Me libera. Me hace sentir bien, o mejor que bien. Es equilibrio. Es serenidad.
Pintar me permite no pensar, no verbalizar, sino simplemente actuar conforme las sensaciones me traspasan.
El único acto consciente es el de preparación de los cacharros, del soporte, del espacio de trabajo. La música*. Una vez que cojo el pincel…
Pero no tengo el tiempo que querría para pintar y, con perdón, maldigo a los buenrollistas del “no digas que no tienes tiempo para hacer lo que te hace feliz, simplemente hazlo”. Ya. Claro. Ajá.
Es algo que duele, el rendirse a la rutina, a los horarios, a los compromisos adquiridos (algunos de ellos benditos sean) pero sobre todo, a las necesidades. Duele pensar que lo que le define a uno quede relegado a la etiqueta de “hobby”: algo secundario, prescindible. Duele mucho. Duele que la circunstancia no te permita dar ese salto vital, que hasta te haga dudar de si es realmente necesario o es solo una ensoñación, una mitificación de algo que no existe ni existirá.
¿Qué digo “duele”?
Jode.
No sé por qué mi cabeza es como es, ni por qué mis recuerdos de niñez están siempre adornados por cuadernos, pinturas de cera, el olor de la primera caja de acuarelas de madera que me regaló mi padre, mis primeros cómics, mis libros del colegio llenos de adornos. No sé por qué me enganchó esta sensación de libertad que tengo al coger un lápiz.

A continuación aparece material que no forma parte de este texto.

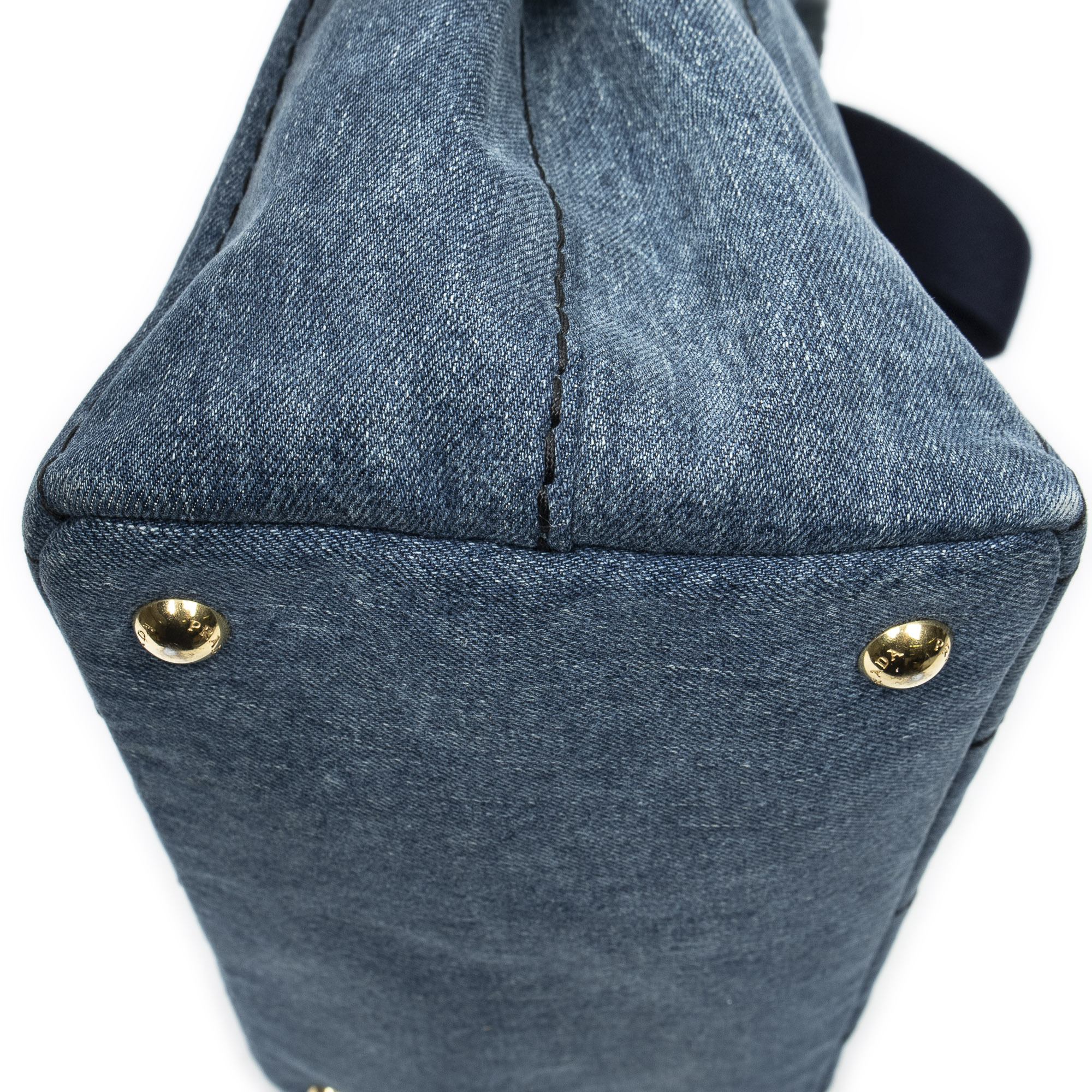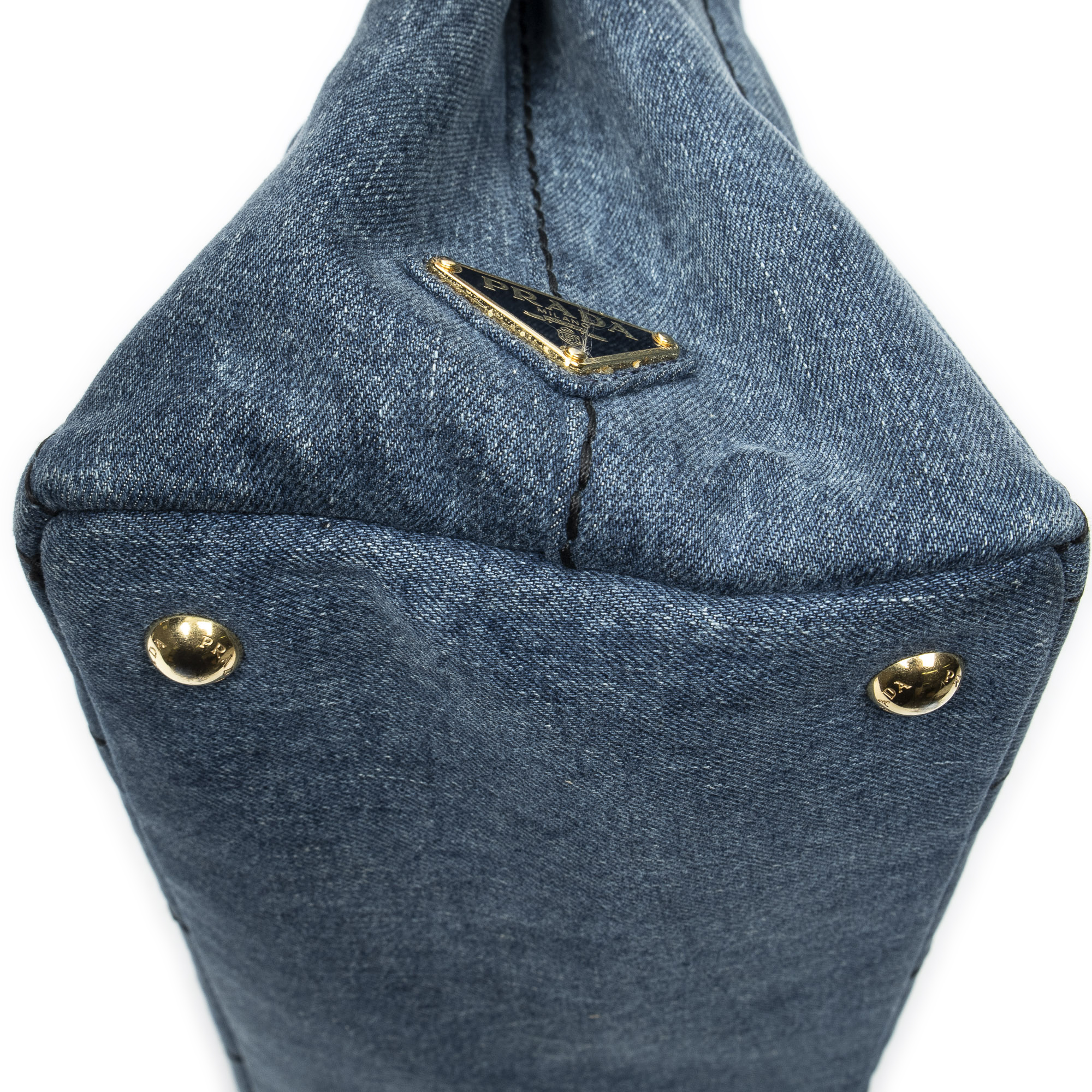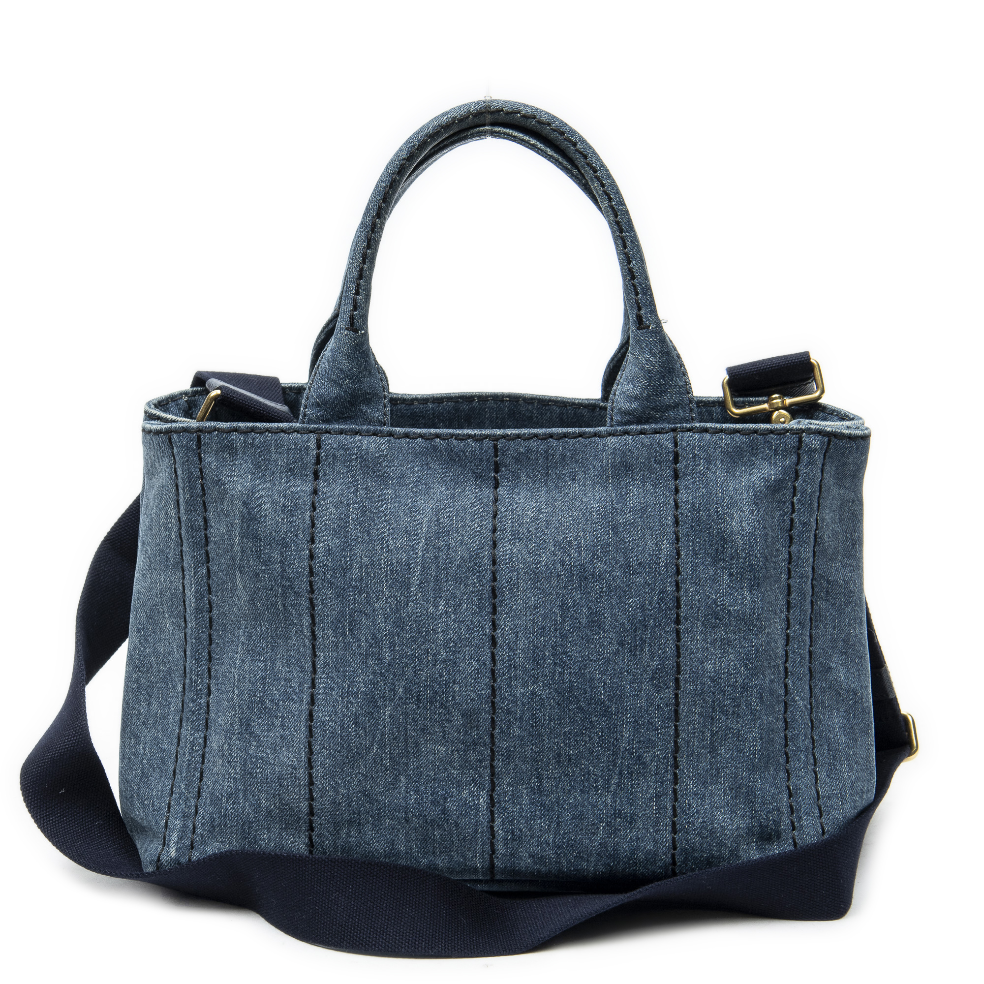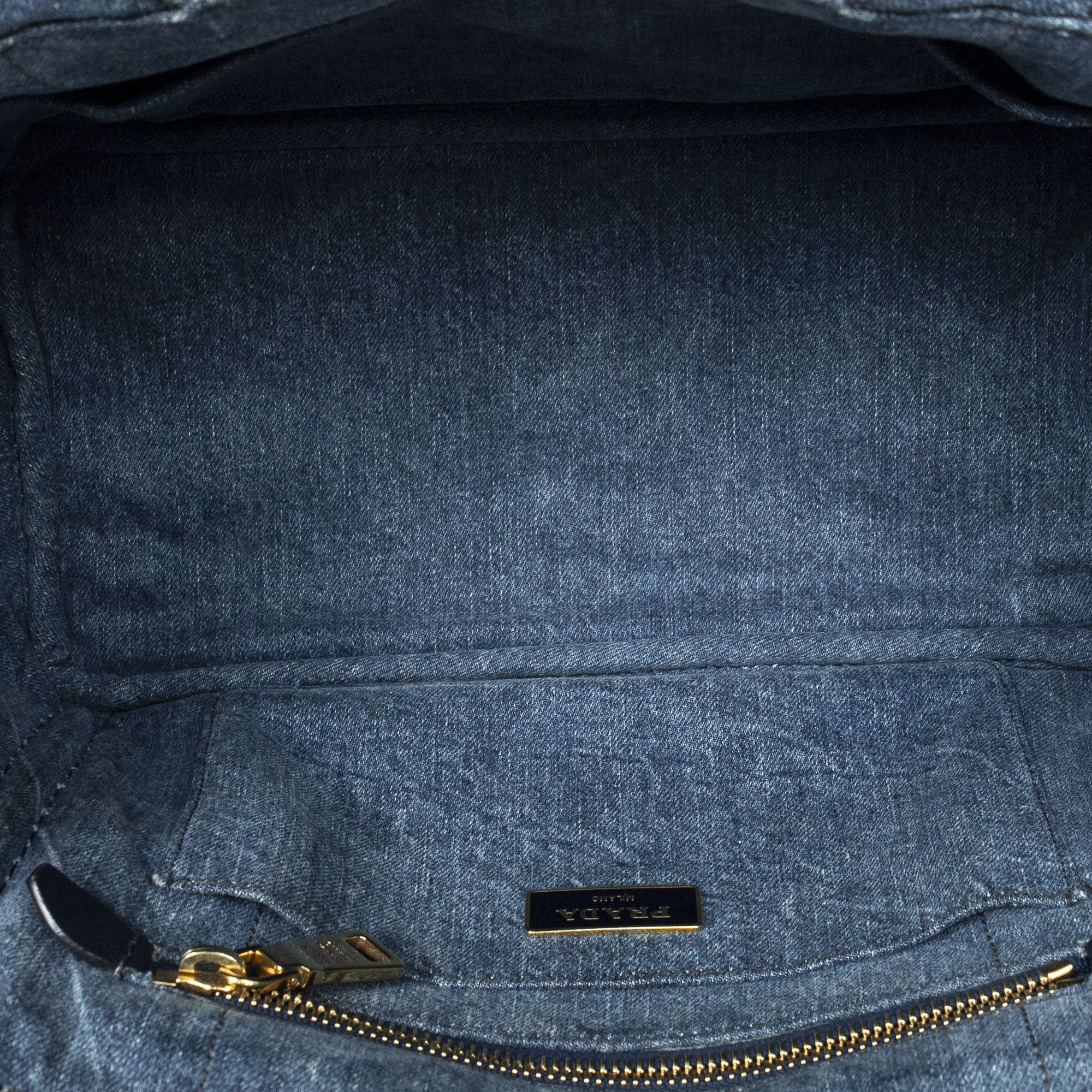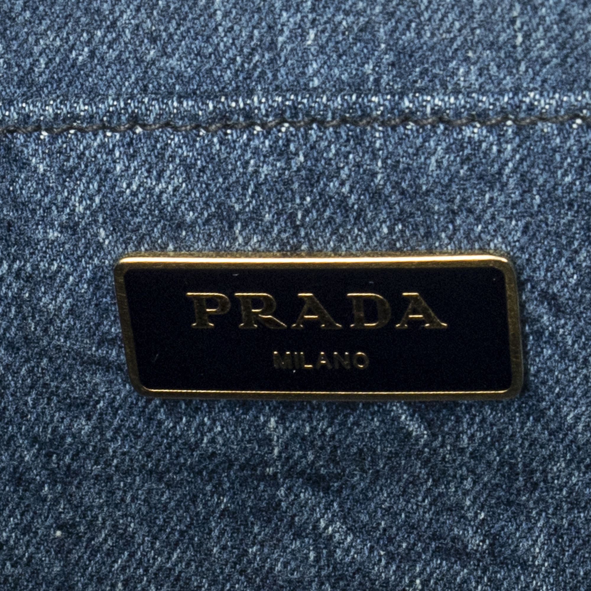 Prada Sac à bandoulière Small Canapa Tote en Blue et Gold. Le produit est en Excellent état (A).
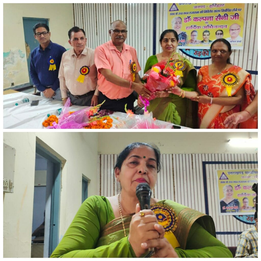 उत्तराखण्ड माध्यमिक शिक्षक संघ ने आर्य कन्या इण्टर कॉलेज में स्वागत समारोह का आयोजन किया गया। राज्यसभा सांसद डॉ० कल्पना सैनी के सम्मान में प्रान्तीय अध्यक्ष डॉ० अनिल शर्मा की अध्यक्षता एवं जिलाध्यक्ष राजेश सैनी के संचालन में सम्पन्न कार्यक्रम में जनपद हरिद्वार से अनेक शिक्षक- शिक्षिकाओं ने प्रतिभाग किया। राज्यसभा सांसद डॉ० कल्पना सैनी का शॉल ओढ़ाकर, स्मृति चिह्न एवं पुष्पगुच्छ भेंटकर तथा माल्यार्पण कर स्वागत किया गया।
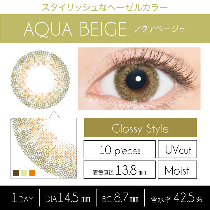 Hazel base washed with aqua-beige for a sheer, glassy look. A soft 13.8 mm ring and fine dot gradient add depth without harsh edges.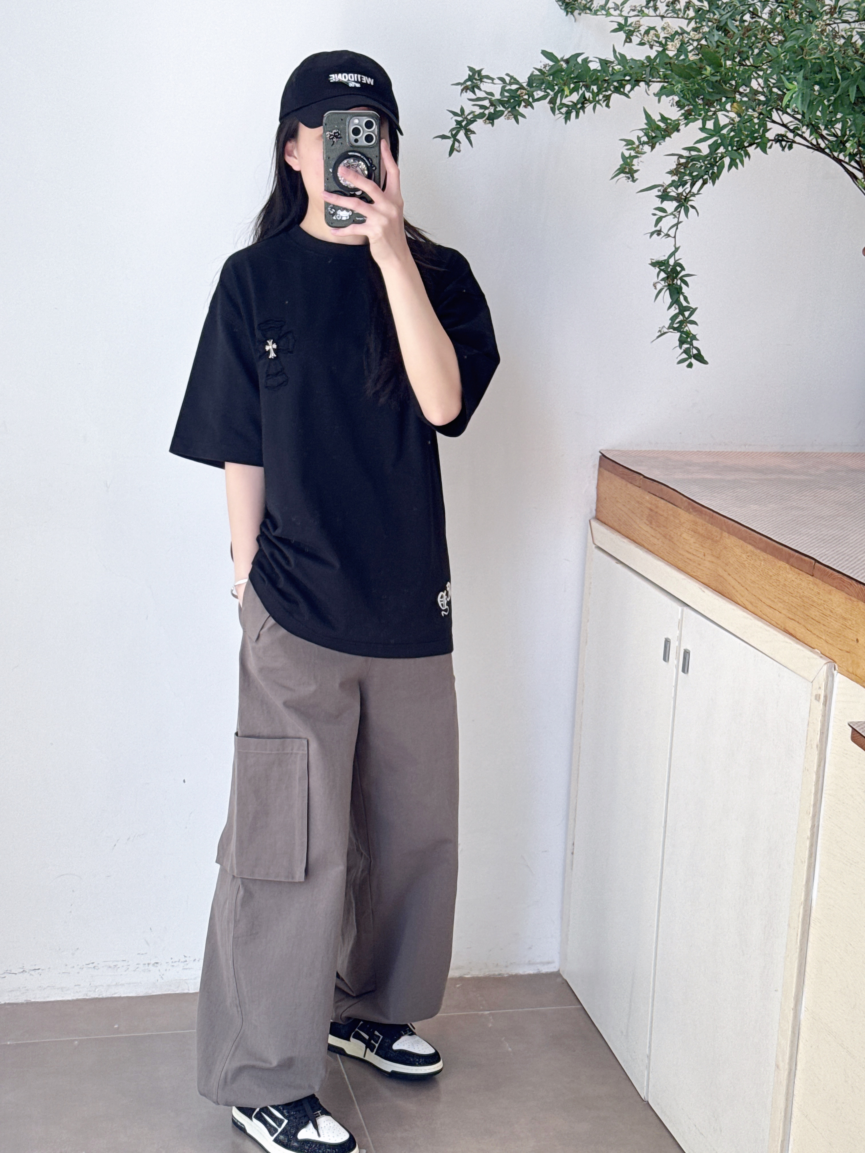SPELLEDIT2025秋季新品切尔西酒店T恤建筑图案印花宽松短袖上衣女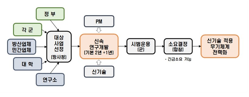 | ▲신속연구개발사업 절차. (사진=방위사업청) |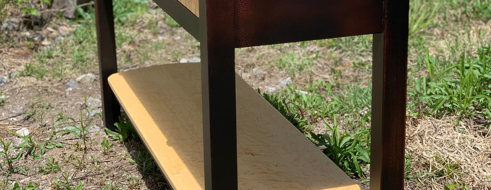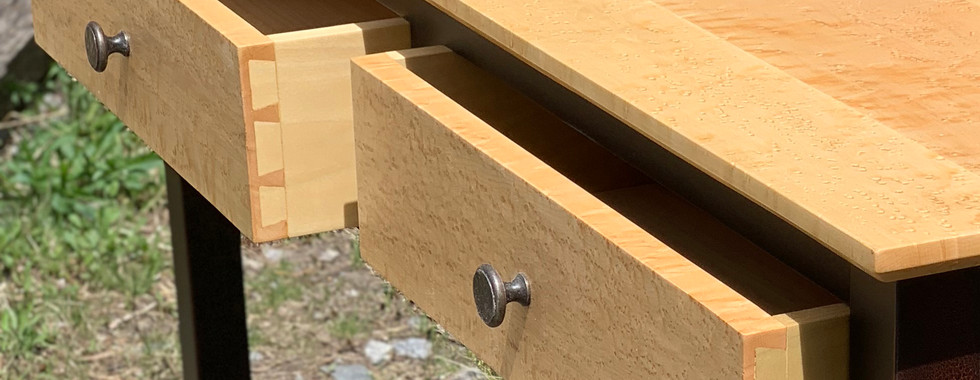 Blissmade Lakehouse console table with hand rubbed Birdseye maple drawer fronts/top and a black crackle over red casework that has a tasteful aged effect. All of the fitting and joinery on this piece was done by hand including the hand-cut dovetails in the drawers and the hand scraped surfaces.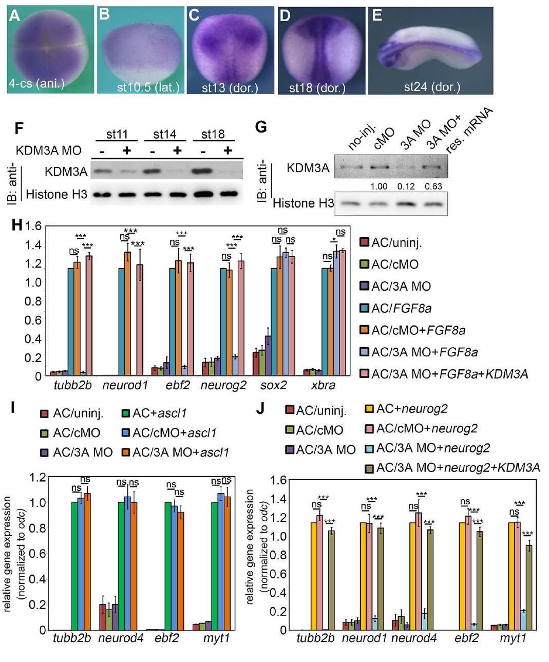 of kdm3a mRNA. (D) Western blot detection of KDM3A protein at stage 11 after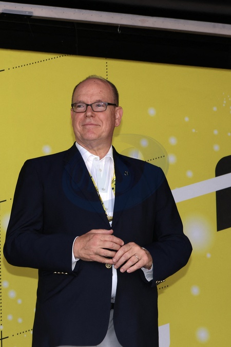 Le prince Albert II de Monaco - Le prince Albert II de Monaco et la princesse Charlene ont donné le départ de la dernière étape du Tour de France 2024, un contre la montre entre Monaco et Nice en compagnie de Christian Estrosi, le maire de Nice, sa femme, Laura Tenoudji et Christian Prudhomme, le directeur du Tour de France, le 21 juillet 2024. Ce Tour est remporté pour la troisième fois par le Slovène Tadej Pogačar, UAE Team Emirates avec une sixième victoire d'étape, en s'imposant au contre-la-montre final. © Claudia Albuquerque/Bestimage Prince Albert II of Monaco and Princess Charlene received an unusual gift: an electric Solex in the colors of the famous Cochonou brand. The brand with its red and white colors and its famous "bob" caps won over the princess, who had fun covering her husband with it in a shared fit of laughter - Prince Albert II of Monaco and Princess Charlene gave the start to the final stage of the 2024 Tour de France, a time trial between Monaco and Nice in the company of Christian Estrosi, the mayor of Nice, his wife, Laura Tenoudji and Christian Prudhomme, the director of the Tour de France, on July 21, 2024. This Tour is won for the third time by the Slovenian Tadej Pogačar, UAE Team Emirates with a sixth stage victory, by winning the final time trial.

Pero sí sé que me gustaría estar así todo el día.
Cuando veo a mi hijo pintando y disfrutando como yo lo hago, no sé si desear que no le pique el bicho, ya que no sé si seré capaz de ayudarle a encontrar el camino.
O no sé. Quizá lo consiga.
*Algún día hablaré, o escribiré, sobre la música que escucho cuando pinto.